Given n independent and identically distributed copies of O, Chen (2007) proposed a locally efficient iterative estimator of the parameter ψ₀ in a semiparametric model ℬ that specifies (i) γ (Y, A, L) is equal to a known function γ (Y, A, L; ψ) evaluated at the unknown true p-dimensional parameter vector ψ₀, i.e.

γ (Y, A, L; ψ_{0}) = γ (Y, A, L),

(1)

where γ (Y, A, L; ψ) takes the value 1 if A = a₀, Y = y₀, or ψ = 0, so ψ₀ = 0 encodes the null hypothesis that Y and A are conditionally independent given L, and (ii) either but not necessarily both, (a) a given parametric model f (Y | a₀, L; θ) for f (Y | a₀, L) or (b) a parametric model g(A | y₀, L; α) for g(A | y₀, L) is correct. Model ℬ is referred to as a union model because it is the union of the model 𝒞 that assumes that (i) and (iia) are true and the model 𝒟 that assumes that (i) and (iib) are true. An estimator of ψ₀ that is consistent and asymptotically normal under this union model is referred to as doubly robust because, given equation (1), the estimator is consistent and asymptotically normal for ψ₀ if one has succeeded in specifying either a correct model f (Y | a₀, L) or a correct model for g(A | y₀, L), thus giving the data analyst two chances rather than one chance to obtain valid inference for ψ₀.

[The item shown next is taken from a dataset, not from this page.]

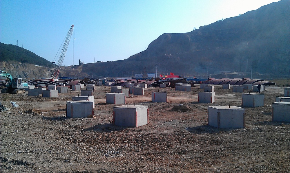 項(xiàng)目部承建的一階段工程位于寧波北侖區(qū)青峙開發(fā)區(qū)內(nèi),共有丙烯罐組12個(gè)球罐基礎(chǔ)與混合碳四罐組10個(gè)球罐基礎(chǔ)。其中丙烯罐組每個(gè)罐基礎(chǔ)上均勻分布10個(gè)短柱,混合碳四罐組每個(gè)罐基礎(chǔ)12個(gè)短柱。每只短柱上都預(yù)埋2個(gè)M48地腳螺栓。

An example of a simple parametric model for the odds ratio function is the bilinear log-odds ratio model (Chen, 2003, 2004). It assumes that γ (Y, A, L; ψ₀) = exp{ψ₀(Y − y₀) ⊗ (A − a₀)}, where ⊗ is the direct product. This model includes all of the generalized linear regression models with canonical link functions as special cases. In the case of stratified 2 × 2 tables, it implies homogeneous odds ratios, but is easily extended to the case of nonhomogeneous odds ratios. Other interesting examples of odds ratio models are given by Chen (2007).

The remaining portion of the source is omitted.